Arcadia’s Restructuring Turns Spotlight on CVA Reform

June 12, 2019



Last year was widely dubbed ‘the year of the CVA’, thanks to the bulk of UK restructuring activity taking place in retail and casual dining and the resultant widespread use of Company Voluntary Arrangements (CVAs) to scale back rents.

The CVA is a statutory insolvency procedure that sees a distressed company and its unsecured creditors agree the adjustment of the company’s debts, with management staying in control of the business while an insolvency practitioner makes sure the terms of the CVA are met. It binds all those entitled to receive notice if approved by 75% (by value) of the unsecured creditors, and provided no more than 50% (by value) of the creditors who vote against it are unconnected with the company.
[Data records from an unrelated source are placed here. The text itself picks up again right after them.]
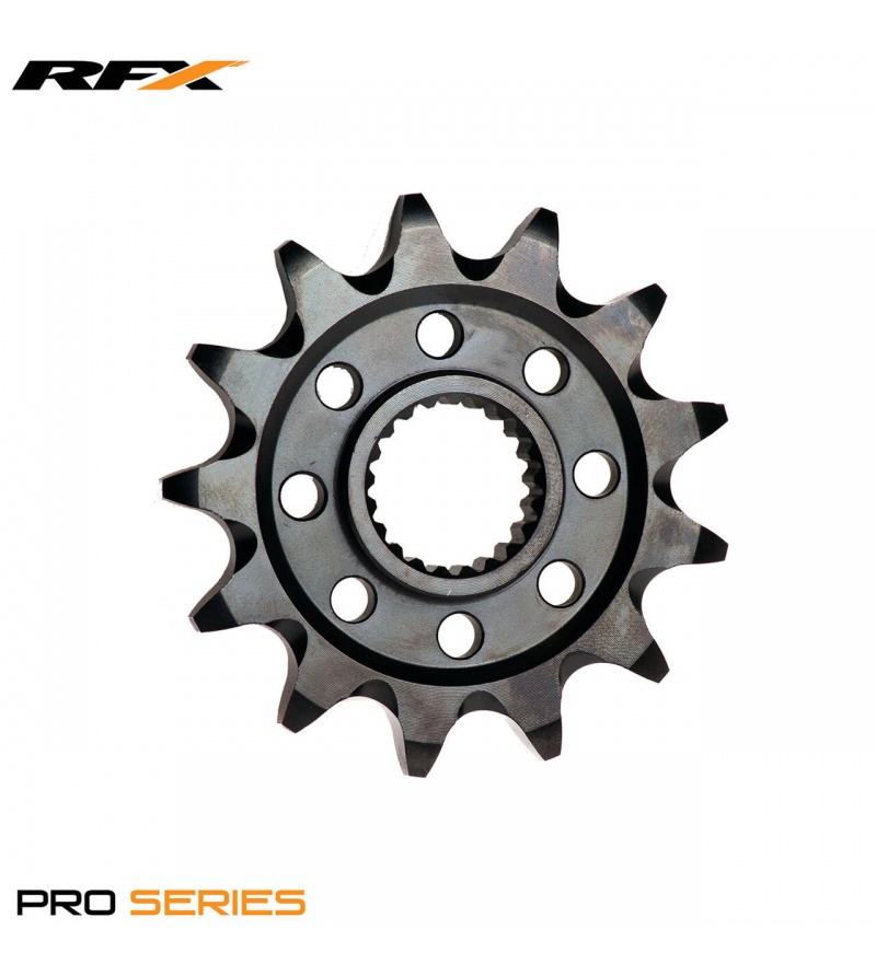 Τα γρανάζια RFX Pro, έχουν επίστρωση Black Zinc, και είναι φτιαγμένα από ατσάλι υψηλής ποιότητας με σκληρότητα 60 Rockwell, για να αντέχουν στην φθορά και να εξασφαλίζουν μεγάλη διάρκεια ζωής. Τα λούκια ανάμεσα από τα δόντια, βοηθούν να μην συσσωρεύεται η βρωμιά και η λάσπη, παρατείνοντας την διάρκειας ζωής του γραναζιού και της αλυσίδας κίνησης. Επίσης η επίστρωση Black Zinc δινει ένα μαύρο χρώμα στο γρανάζι, και το βοηθάει να μην διαβρώνεται από τα πλυσίματα και το πέρας του χρόνου, δίνοντας παράλληλα ένα Factory Look στο μηχανάκι σας. CNC Επεξεργασία. Lightweight Σχεδιασμός. Black Zinc Επίστρωση. Aυτοκαθαριζόμενο. Σκληρότητα 60 Rockwell
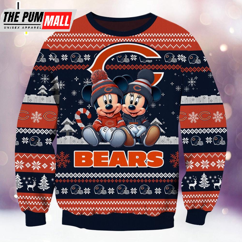NFL Chicago Bears Mickey And Minnie Cute Christmas Ugly Sweater
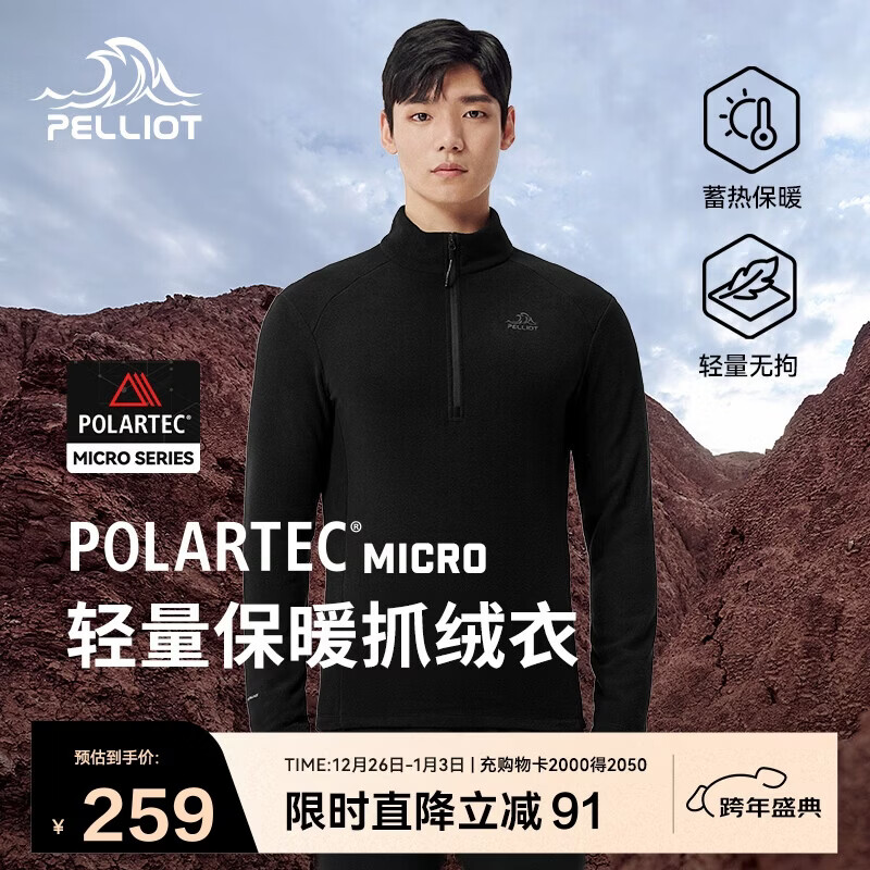 伯希和(Pelliot)[P系列]Polartec户外抓绒衣男加绒保暖冲锋衣内胆114310203黑L
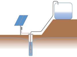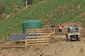 powered generators. All the pros and cons were considered, ranging from high pole charges, transformer and connection costs with grid power, to the required physical topography to site a water ram and the initial setup costs and running/maintenance requirements of a diesel generator in a remote location. A direct solar powered pump, with no battery storage, that can still operate in moderately overcast conditions won out on the day, providing the best return on investment.
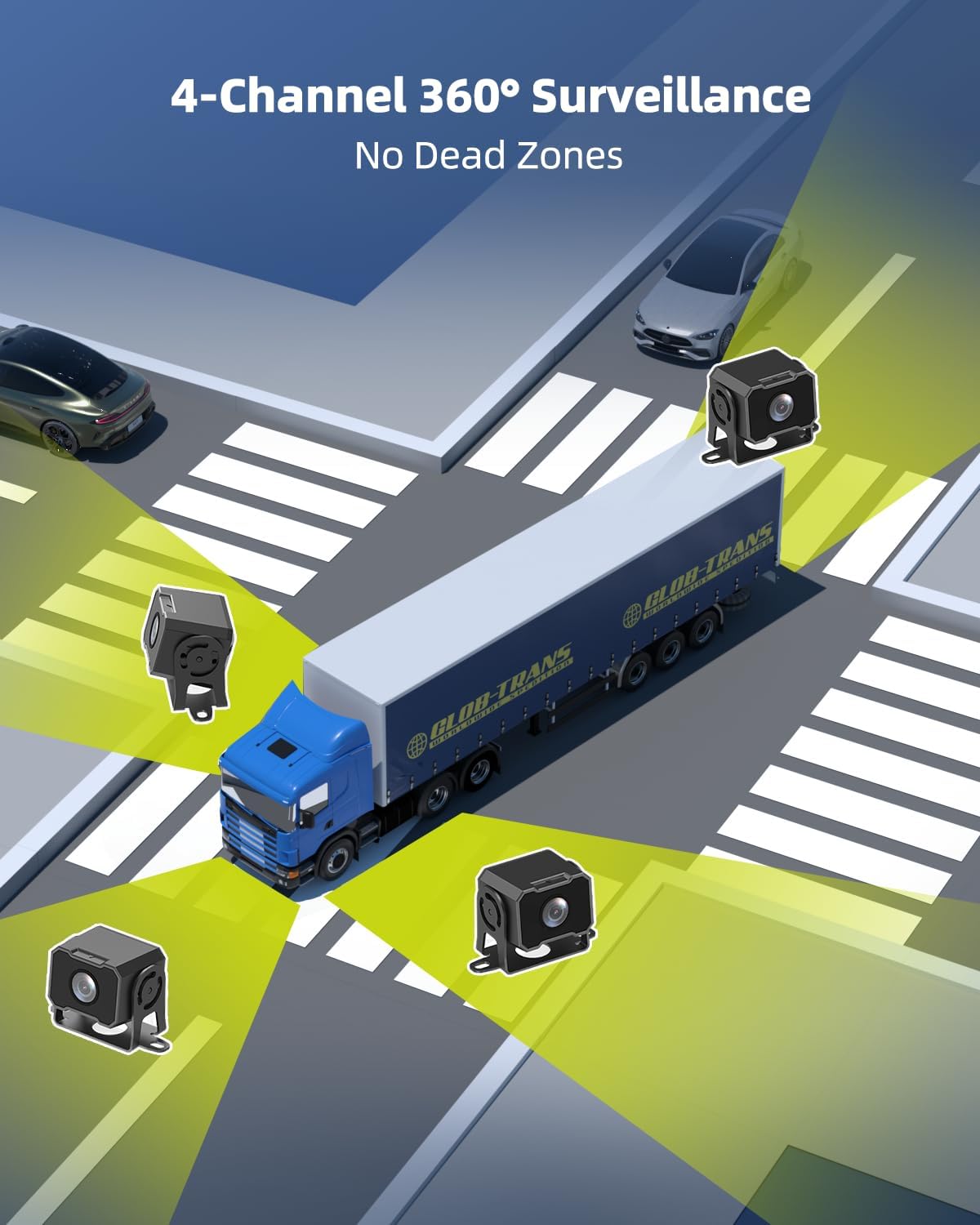 - ăReversing Blind Spot TerminatorăBased on the coordinated operation of four 1080P ultra-clear waterproof cameras, this system uses real-time image synchronization transmission technology to build a 360° panoramic bird's-eye view of the vehicle body, eliminating safety hazards in scenes such as reversing blind spots, side obstacles and narrow road encounters, and provides all-weather and blind-angle driving protection for commercial vehicles, passenger cars, and special operation vehicles.

With so much restructuring taking place on the high street in recent years, CVAs have allowed retailers to push landlords to cut rents and leases in a bid to avoid a value-destructive administration. In practice, landlords have often received little in return for these reductions, with debtors typically negotiating with a disparate group of owners who may not be well-funded or organised in the way that bondholders or other types of creditors organise in the event of a restructuring. Even after approval of a CVA many companies later fall into administration despite a CVA process, including Woolworths, BHS and House of Fraser.

To add insult to injury, while landlords have frequently taken significant haircuts, other stakeholders have been left whole.  If they work,  CVAs  can create significant equity value for shareholders. In a loan or bond restructuring the creditors taking a haircut would insist on sharing in this equity upside.

Further evidence of the willingness  of institutional landlord to organise and pushback on the use of CVAs on UK high streets came when Sir Philip Green’s Arcadia retail empire was forced to adjourn its creditor meeting at the start of this month.  After this highly unusual step, it is understood the company negotiated with landlords including Aviva, M&G, Intu, British Land and Hammerson, not all of whom are willing to accept up to 50 store closures and the scaling back of rents in another 194. Following a tense vote at the second meeting of creditors the CVA was finally approved.

Arcadia, which owns brands including Top Shop, Dorothy Perkins and Wallis, is understood to have offered to have taken the unusual step of funding a restructuring adviser for its more than 100 landlords – a technique more common with bondholders in restructurings – in a bid to speed up the process.

At a time when the CVA has become the insolvency tool of choice, the Arcadia restructuring could yet represent a line in the sand that leads to reforms of the process. One issue with CVAs is that there is no requirement to organise creditors into classes, which has led to claims of a lack of transparency and unfair discrimination between different creditors. Landlord groups, which often include a wide array of property owners with disparate deals, interests and intentions, cannot normally get organised with the power to block a CVA.

In Arcadia’s case due to its multi-company structure and extensive use of intercompany debt from connected parties, the negotiating power of the landlords has been given a boost as the voting thresholds need to be met on a subsidiary-by-subsidiary basis.

The push back by landlords to the CVA may add weight to calls for reform coming from both the property industry and the insolvency and restructuring profession, seeking more regulation to ensure CVAs are used appropriately and with better oversight.

An overhaul of the UK corporate insolvency regime was promised last year, to create a purpose-built restructuring tool similar to Chapter 11 in the US, but little progress has so far been made given the distraction of Brexit. CVAs were designed to deal with unsecured creditors generally, and have proved very useful in many circumstances, but the fact that they have been used to deal with one particular class of creditors in recent years perhaps suggests reform is now overdue.